Shlaim further commits the cardinal sin of an elite academic: he assumes that if a president does not have an IQ, then his policy must be stupid as well. This is manifestly untrue and reveals deep misunderstanding of the complexities of the American foreign policy decision-making system. In the end, a president is only as good as his advisers and their staff, and the NSC, DoD, and DoS have traditionally had very good specialists who have been able to make good recommendations. In the end, it is up to the president to choose, of course, but once the situation has been analyzed and alternatives explained, the decision comes more from common sense than any deep knowledge of the world. In fact, traditionally it has been the case that presidents with pretensions about foreign policy knowledge that have made some really bad choices (e.g. Nixon but of course Carter is a counter-example), while others (Reagan) have done quite well (perhaps in spite of themselves).

My biggest complaint is that Shlaim criticizes but does not offer alternatives. It is not enough to say that the Americans were wrong and the Israelis did not understand Sadat. What would the author have them do? What alternative routes were available to them? In the end of the book (132), he offers something approaching wise counsel but when you read it, it boils down to a recommendation to devise policies that take the wishes of locals into account. As if this is helpful given the widely disparate wishes of the various locals.

Take, for example, Shlaim's discussion of the First Gulf War. He whines about "allowing" Saddam to attack Kuwait, then about not negotiating with him, then about not toppling him, and finally about not supporting the Kurdish and Shiite rebellions. Nothing the Americans do is ever right. But Saddam should have known that invading Kuwait would provoke a firm response had he only looked at U.S. policy in the region. No amount of references to supposed "green light" by Glaspie would correct this. And the author is a bit disingenuous in insisting that sanctions would have worked against him, or that the Russians would have mediated a withdrawal. Doubtful on both counts: as we saw later, Saddam was immune to sanctions, and several attempts to get him to withdraw voluntarily failed. Finally, toppling Saddam would have exceeded the mandate under which the coalition was operating, and would have opened the way for a potentially dangerous destabilization of the region (similar to the one we see today). The only way to ensure that Iraq did not fall apart or go Islamic at the time was to keep Saddam... again, in accordance with long-standing American policy in the region.

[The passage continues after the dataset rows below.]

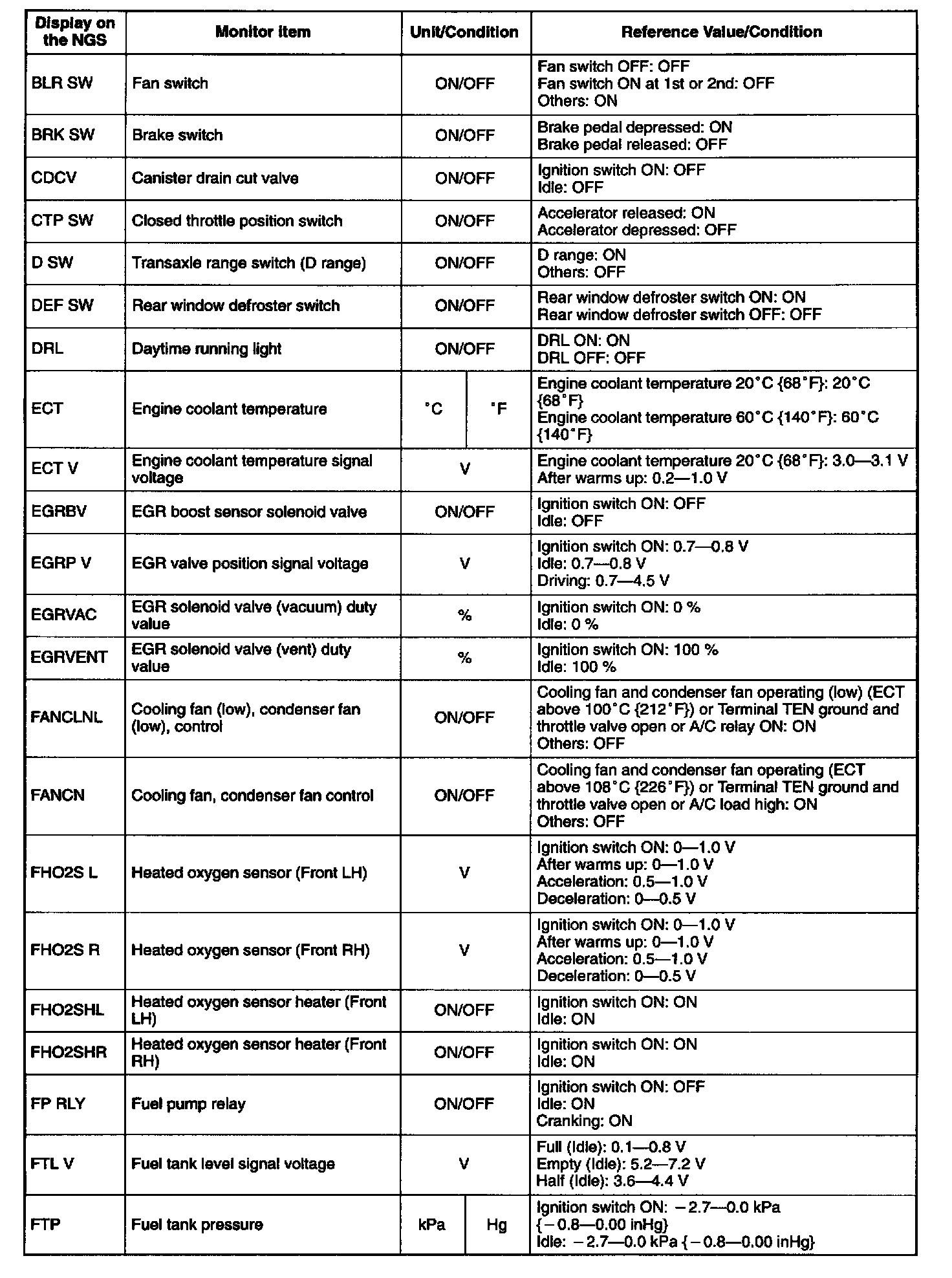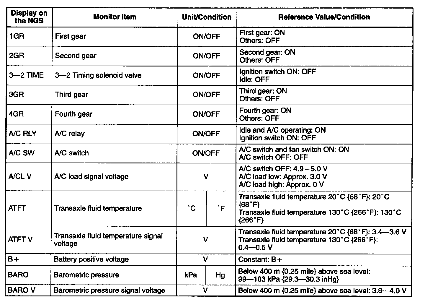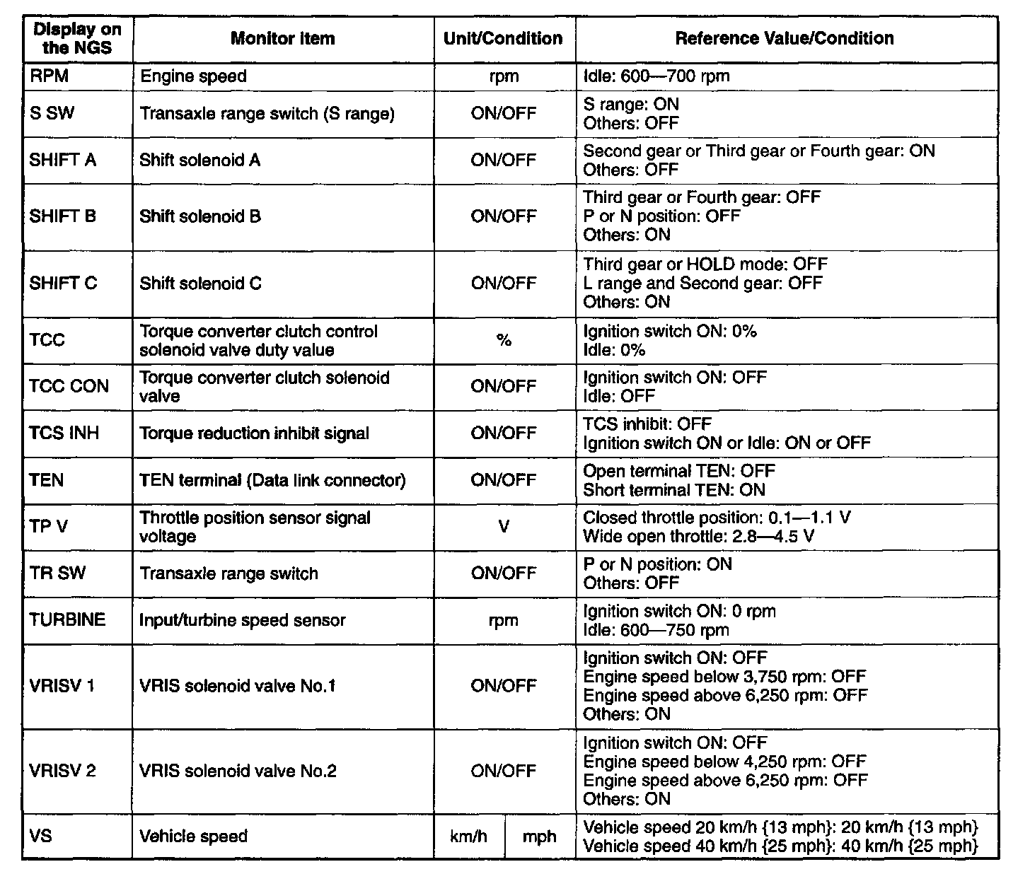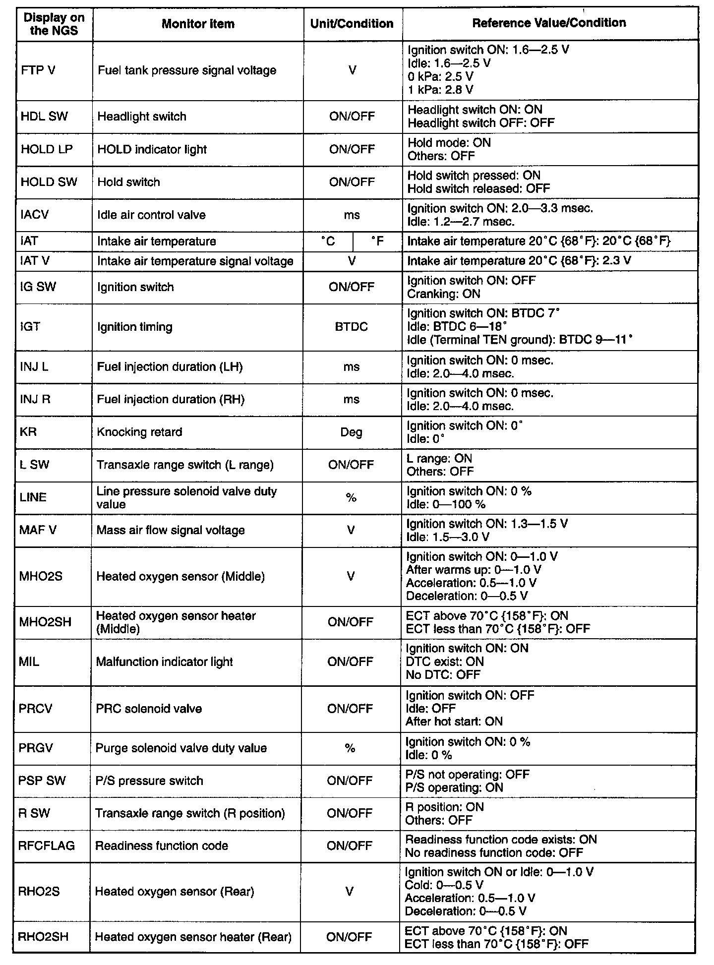 NOTE: The "PID/DATA MONITOR AND RECORD" function is to monitor the calculation value of input/output signals in the PCM. Deviation in the value does not always indicate malfunction in the related input/output devices (sensors and solenoids).
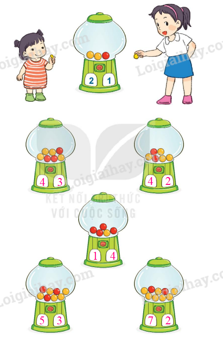 Quan sát hình vẽ và đếm số bi vàng, bi đỏ có trong mỗi hộp rồi điền số thích hợp vào ô trống.
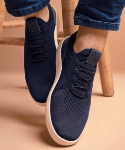 TÊNIS CASUAL KNIT C/ DETALHES EM COURO E CADARÇO ELÁSTICO
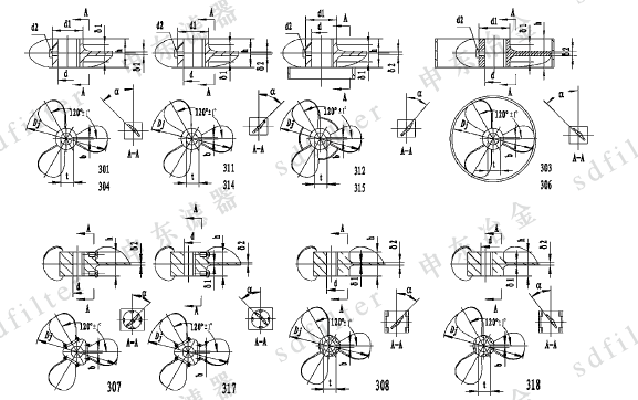三叶推进式是最典型的轴流型搅拌器,高排液量,低剪切性能;采用挡板或导流筒则轴向循环更强。排出性能明显提高,因为它循环能力强,动力消耗低,在低粘度,大容量均相、混合过程中应用最能体现它的优势,在低粘度的液体传热、反应、固液比小时的悬浮、溶解等过程中应用广泛。可调推进式的桨叶可转动±15°,调整倾角,在试验性的工艺过程中作用很大。可拆推进式的桨连轮毂分成三辨,组装方便,用在需要拆成小件的场合。常用介质μ<2000c P,常用运转速度n=100~500r p m,ν=3~15m/s,最高转速可达1750r p m,常用规格S/DJ=1或2,DJ/D=0.2~0.5,表面要求抛光处理的必须选用焊接型。
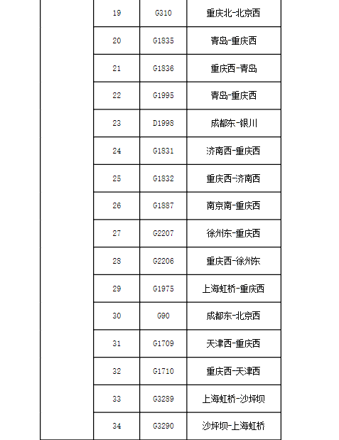 停運(yùn)普速列車87列,車次為:K118、K262、K268、K385、K386、K473、K474、K4363、K4364、K7707、K7708 、T10、T56、T232、Z130、Z152、K402、T50、T168、T167、T290、T289、Z286、K1275、Z53、K179、K599、T369、Z235、T123、K21、K2285、K22、Z2、K968、T146、Z90、T370、Z208、Z6、Z336、Z14、T124、K818、K508、K507、Z150、Z149、Z202、Z162、K158、K1276、Z4、Z96、Z50、Z54、T254、Z236、K636、K234、K635、Z161、K817、Z49、K117、T253、K2286、K967、Z13、T145、K233、K267、T55、T167、T9、T49、Z129、Z151、Z5、K261、Z89、Z3、Z201、Z1、K157、Z285、Z36。

And about the revolts, one question: how would the Arab allies in the coalition react to Kurdish independence or Sha-controlled Iraq? Not very well.

I am not even going to bother discussing the reasons America has supported Israel. According to Shlaim, Israel has mostly been a liability, not an asset. This is also debatable given the democratic nature of the state, its military strength, and its economic capacity...

In the end, the book offers a tantalizing glimpse of what could have been a great explanation of the conflict in the Middle East. But it's just a glimpse. The author fails to consider American interests preferring to chalk up every fact that does not fit his paradigm to American stupidity, short-sightedness, and general failure to appreciate the intricacies of international diplomacy. Now where have I heard all this before?